#### Work order
Retype only what runs from the first line of the listing to the line holding "Villaggio 100% Whole", both included. Do not retype the pictures.
Given entries Start Marker
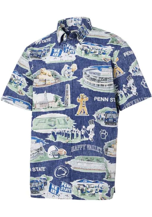 Elevate your style for any occasion with this sophisticated Penn State Nittany Lions Short Sleeve Dress Shirt! Let your Nittany Lions pride show in this Navy Blue Scenic Button Down Shirt. This Scenic Penn State Dress Shirt is perfect for showing your Nittany Lions pride at the office. Featuring a all over print, this Penn State Nittany Lions Dress Shirt has a subtle touch of fan support.
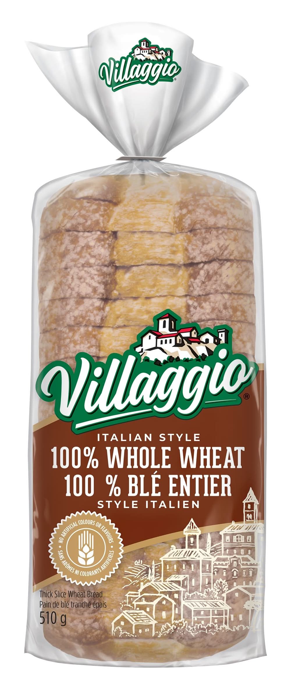 Villaggio 100% Whole Thick Slice Wheat Bread, Italian Style (675 g)
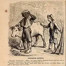 In some cases, a plantation's slaves were asked to volunteer to join the army, and some were excited about the change in tasks.[58] However, the Confederacy had more need for laborers than was filled by slaves. In part, this was exacerbated by the refusal of white Confederate soldiers to join in the necessary labor in many cases.[59] The Confederate government set up impressment bureaus to ensure slaveholders furnished enough slaves. In Texas in June 1863, district commander John Magruder was put in charge of one such bureau, and Magruder was known for his ability to usually succeed in appeals to slaveholder patriotism to acquire slaves rather than impressment.[60] In the West, General Nathan Bedford Forrest led numerous cavalry raids where he captured many slaves who had fled behind Union lines, often sending excess to other commands.[61] Confederate forces also made raids on Union-controlled plantations in the south, particularly along the Mississippi River.[62] When Confederate forces marched North, such as during the Gettysburg campaign under Robert E. Lee, Confederates in Pennsylvania rounded up as many blacks as possible, whether they were free before the war or not. These individuals became part of the spoils of war.[63] Northerners asked camp servants in the Confederate Army marching in the north why they did not flee to freedom. It would have been difficult for them to escape during the campaign, however. Fleeing to the north may not have seemed like an appealing option as, in some cases, northerners expressed their racism and dislike for blacks in the presence of Confederate soldiers and servants.[64]
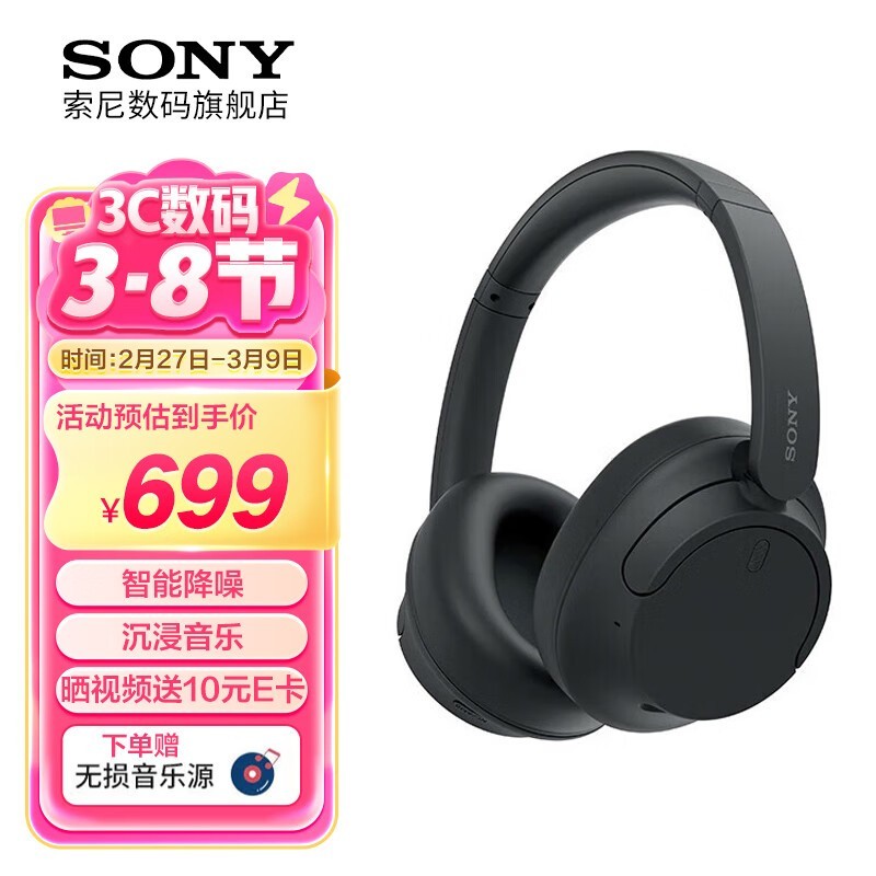 索尼WH-CH720N蓝牙降噪耳机黑色经典款舒适轻量化设计
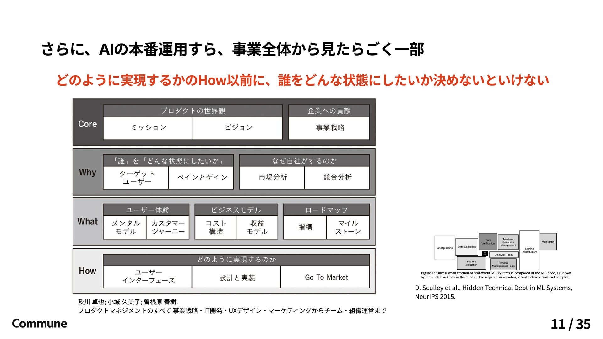 ML Systems, NeurIPS 2015. 11 / 35 及川 卓也; 小城 久美子; 曽根原 春樹. プロダクトマネジメントのすべて 事業戦略・IT開発・UXデザイン・マーケティングからチーム・組織運営まで
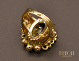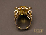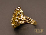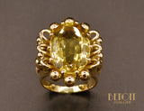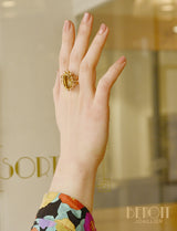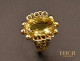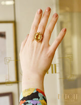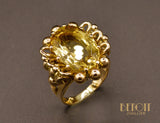 Bague cocktail en or rose 750 millièmes dans le pure style des années 1950 sertie en son centre d'une citrine ovale dans un jeu de volumes composé de fils ronds et de billes de diverses tailles comme des pétales. De chaque coté, les palmettes travaillées elles aussi viennent se courber sur le panier de fils. Le corps en fuite s'affine en bas de l'anneau. Très beau travail des volumes.
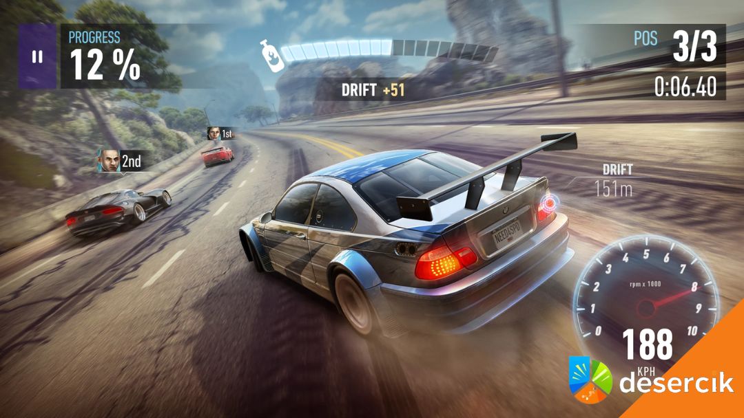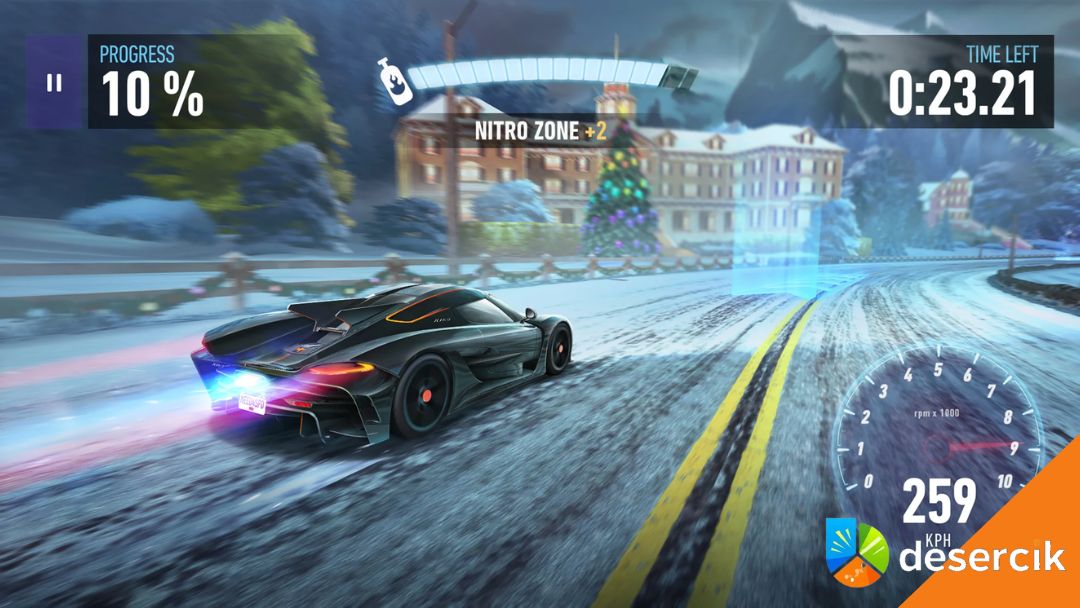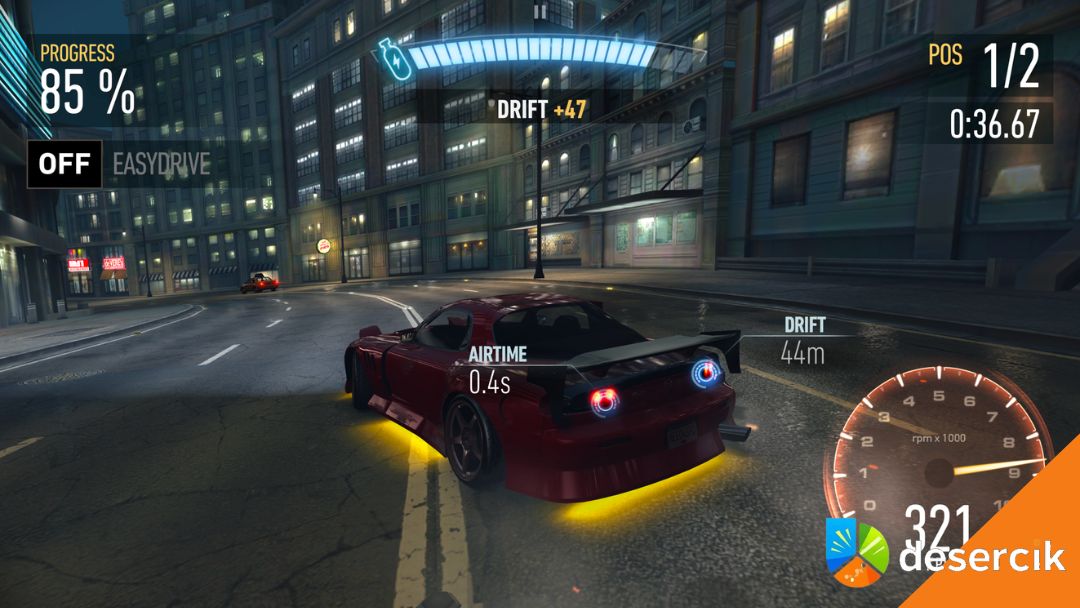 Sterowanie jest proste i dobrze dopasowane do ekranu dotykowego. Domyślny schemat opiera się na stukaniu w boki ekranu do skręcania oraz gestach do driftu i nitro. Jest responsywnie i intuicyjnie, bez walki z telefonem. Co ważne, gra nagradza styl jazdy. Driftowanie, jazda na zderzaku rywala czy ryzykowne mijanki szybciej nabijają pasek dopalacza. Jest tu mała warstwa strategii, ale bez komplikowania.
Given entries End Marker
#### Your solution
 Elevate your style for any occasion with this sophisticated Penn State Nittany Lions Short Sleeve Dress Shirt! Let your Nittany Lions pride show in this Navy Blue Scenic Button Down Shirt. This Scenic Penn State Dress Shirt is perfect for showing your Nittany Lions pride at the office. Featuring a all over print, this Penn State Nittany Lions Dress Shirt has a subtle touch of fan support.
 Villaggio 100% Whole Thick Slice Wheat Bread, Italian Style (675 g)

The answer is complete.